To give you some direction, Julia Forbes (the High Museum’s Shannon Landing Amos Head of Museum Interpretation and Digital Engagement) and Ivey Rucket (Manager of Web and New Media) brainstormed and built Heartmatch, a Tinder-inspired app that personalizes a museum itinerary for you based on artworks you swipe right on, Smithsonian.com reports.

No need to download this app—just head to Heartmatch.org on your device and tap “Get Started” under the title slide’s headline “Ready to Fall in Love?” You’ll be shown a series of works from the High’s collection and asked to swipe right for each one you like, and swipe left for each one you don’t particularly care to see (you can also hit the heart and X buttons below each artwork to indicate like or dislike). After several swipes, the app will deliver you a map of the museum with your artwork matches clearly marked. The top of the map shows the museum’s three wings with how many matches you chose in each wing. Below, the map breaks down each wing with the specific galleries where you can view your matches. You can email the map to yourself, or you can choose to keep swiping for the opportunity to add more works to your existing map.
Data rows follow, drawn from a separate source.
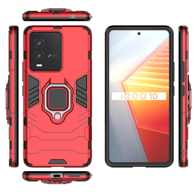 Para Vivo Iqoo 10 PC + TPU Funda Protectora para Teléfono a Prueba de Golpes con Soporte de Anillo Magnético (Rojo)
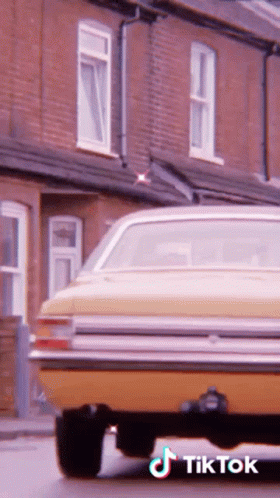 Paglalarawan ng Content: a yellow car is parked in front of a row of brick houses with tik tok written on the bottom right
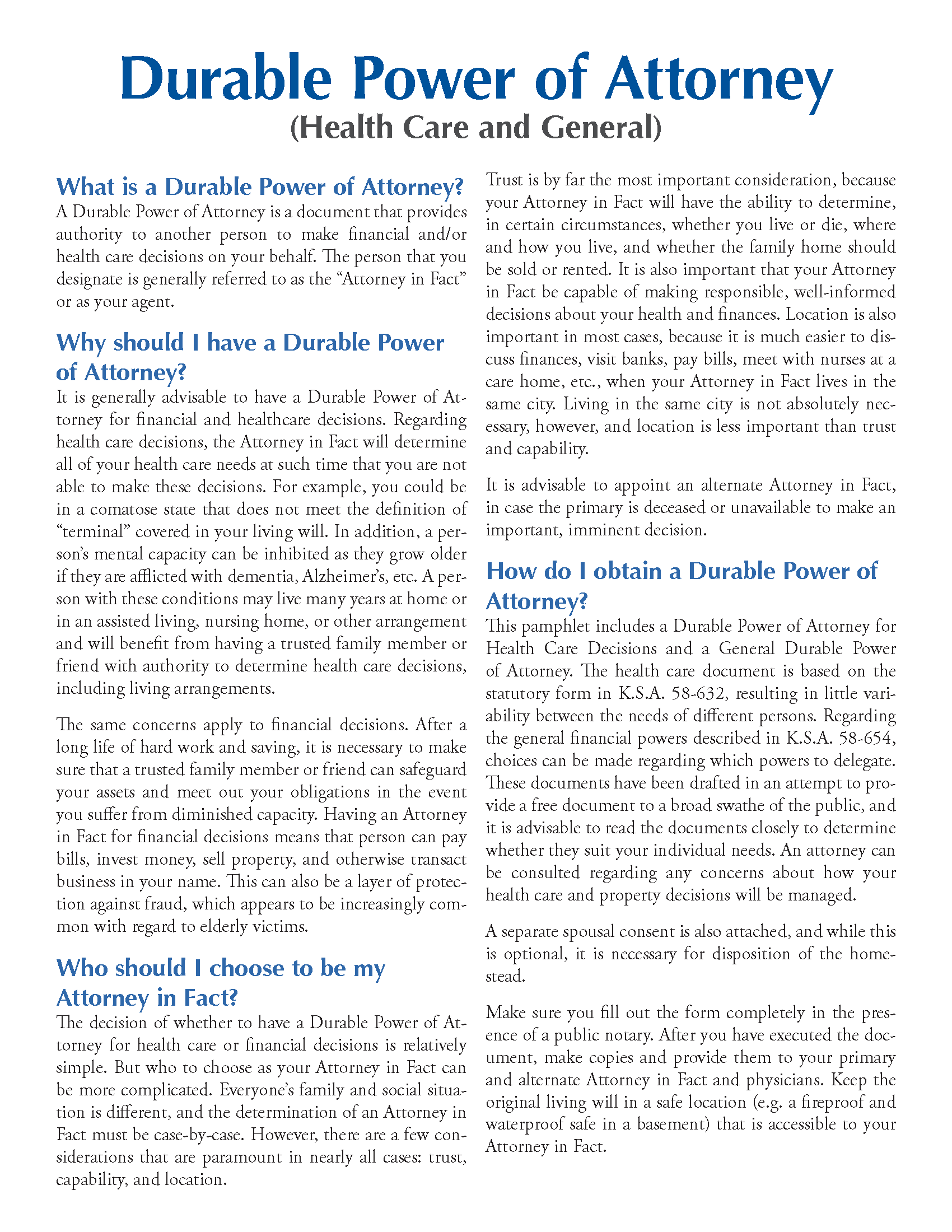 Fillable Kansas Durable Power of Attorney Form
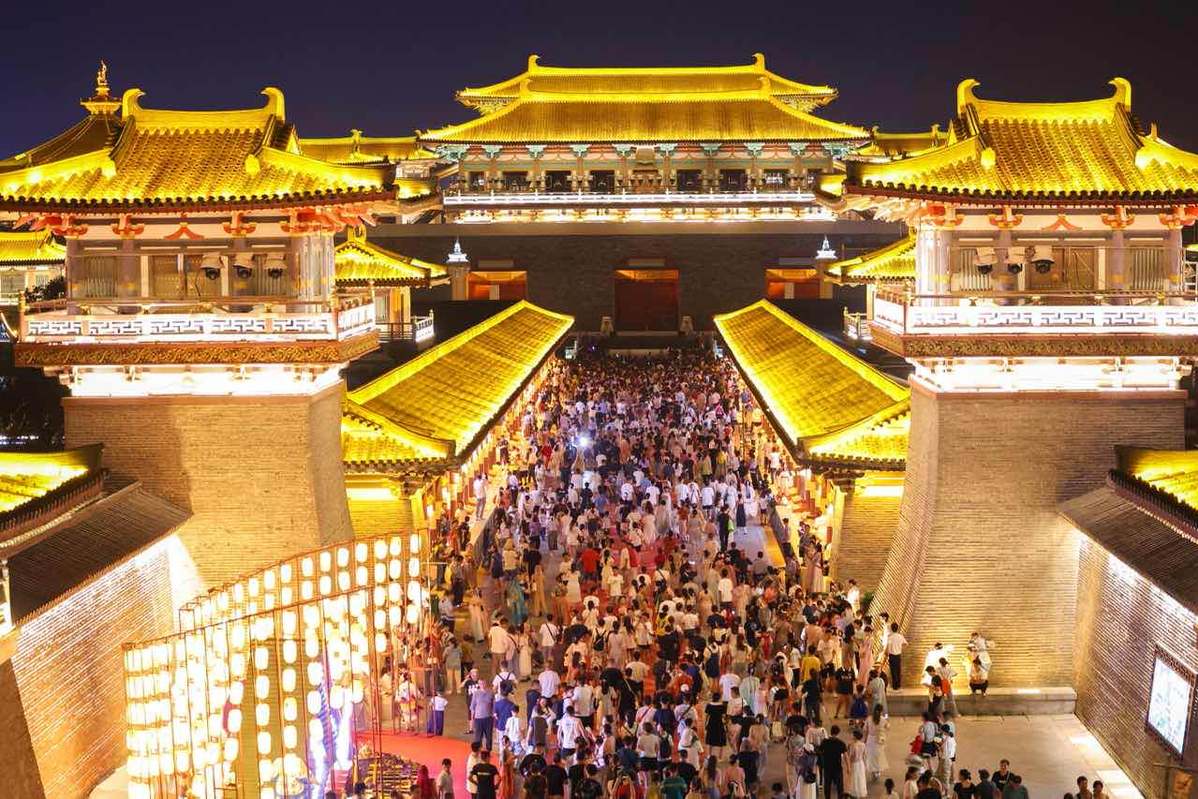 Sheng Shi Tang Cheng in Xiangyang, Hubei province, draws many visitors at night. [Photo provided to chinaservicesinfo.com]
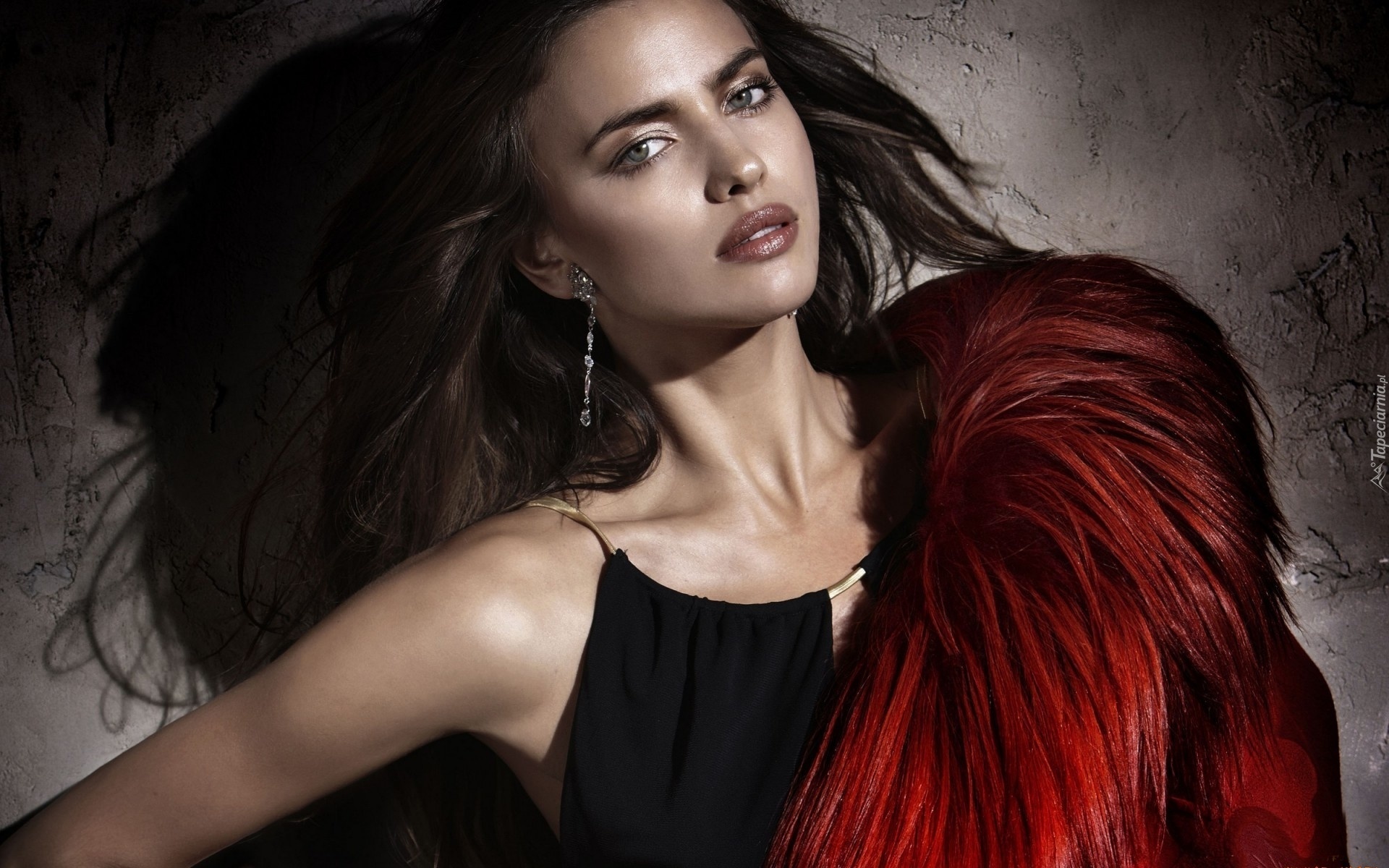 Edytor tapety: Irina Shayk, Kolczyki, Futro
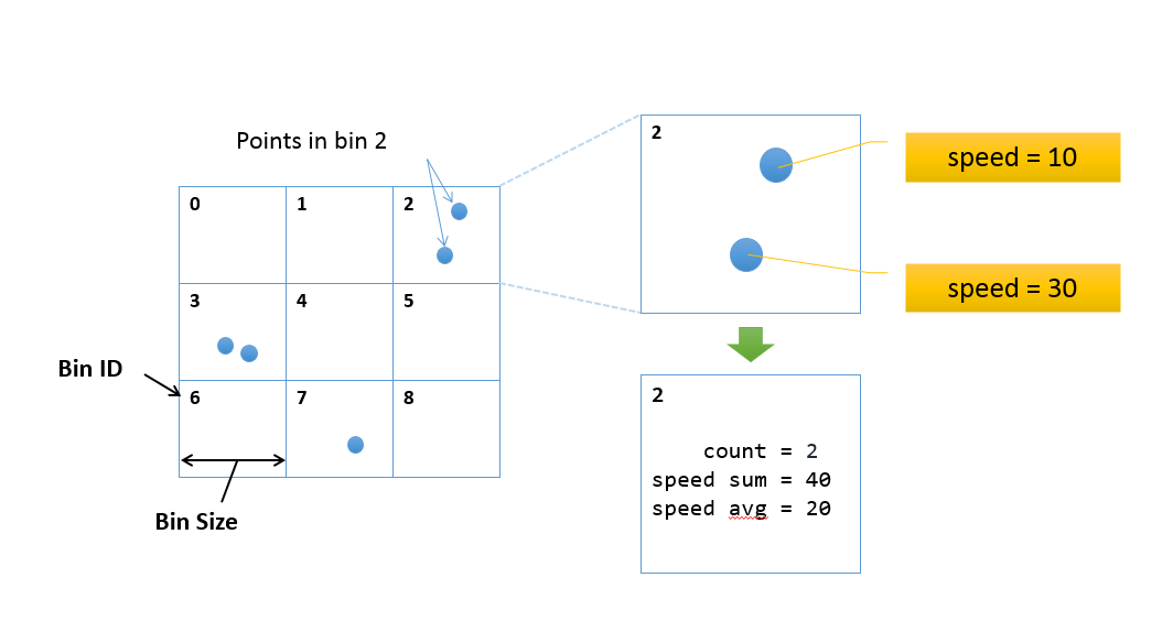 The Big Data team is excited to offer a new tutorial on spatial aggregation (sometimes called spatial binning). Spatial aggregation is extremely useful in summarizing big data to gain a meaningful snapshot of patterns in your data. Spatial aggregation works by creating square bins of a user specified size, like this:
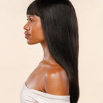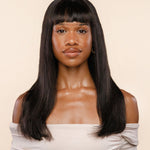 Upgrade your style with Janet, a sleek 18-inch wig made from premium human hair. The straight-cut bangs give a sharp, structured finish, while the natural black color enhances any look with understated sophistication. With 200% density for an extra full-bodied appearance and a T-style lace closure that creates a seamless, natural hairline, this wig delivers a polished, modern look that’s as comfortable as it is stylish.
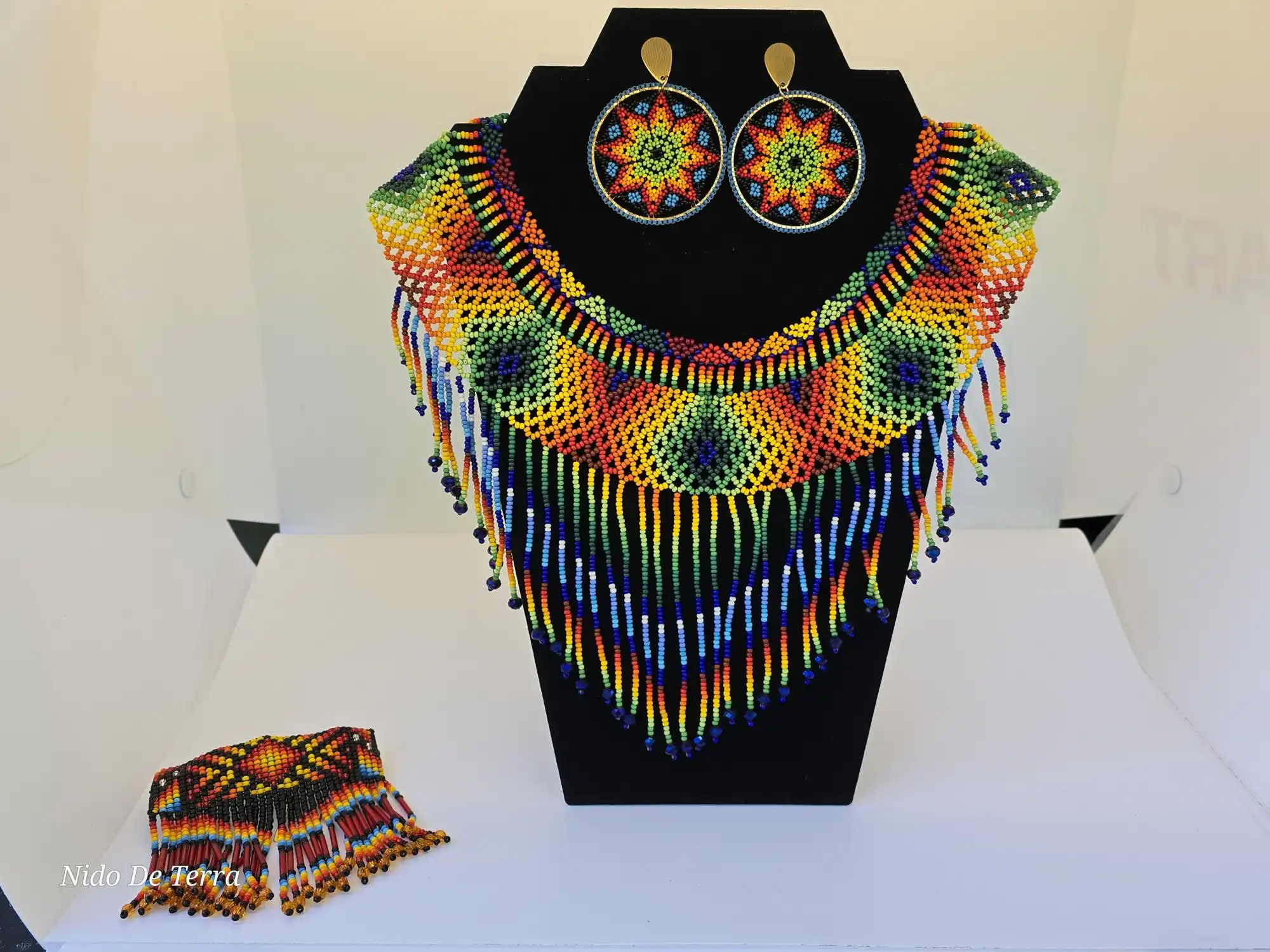 Prepárate para impactar con este deslumbrante conjunto de tres piezas artesanales, meticulosamente tejido a mano con la técnica de chaquira (mostacillas), que irradia color y energía.

And since the app includes 100 works, you can keep swiping until you have a pretty extensive personal visitor’s guide.

Another similarity between Heartmatch and an actual dating app is that Heartmatch will only add artworks to your tour that you’ve already swiped right on, just like Tinder won’t match you with a person you haven’t already said you like.

Forbes and Rucket told the American Alliance of Museums that they had three specific goals in mind while creating the app: to show their on-site visitors their collection’s diversity, to direct them to artworks they liked so they could experience them in person, and to collect data on their tastes.

Collecting data on visitors' tastes will help the museum know which popular works to highlight in their marketing efforts, but it won’t leave the under-liked pieces left in the dust. Instead, the High will feature them in their educational programming, to “turn ‘swipe lefts’ into ‘swipe rights.’”

[h/t Smithsonian.com]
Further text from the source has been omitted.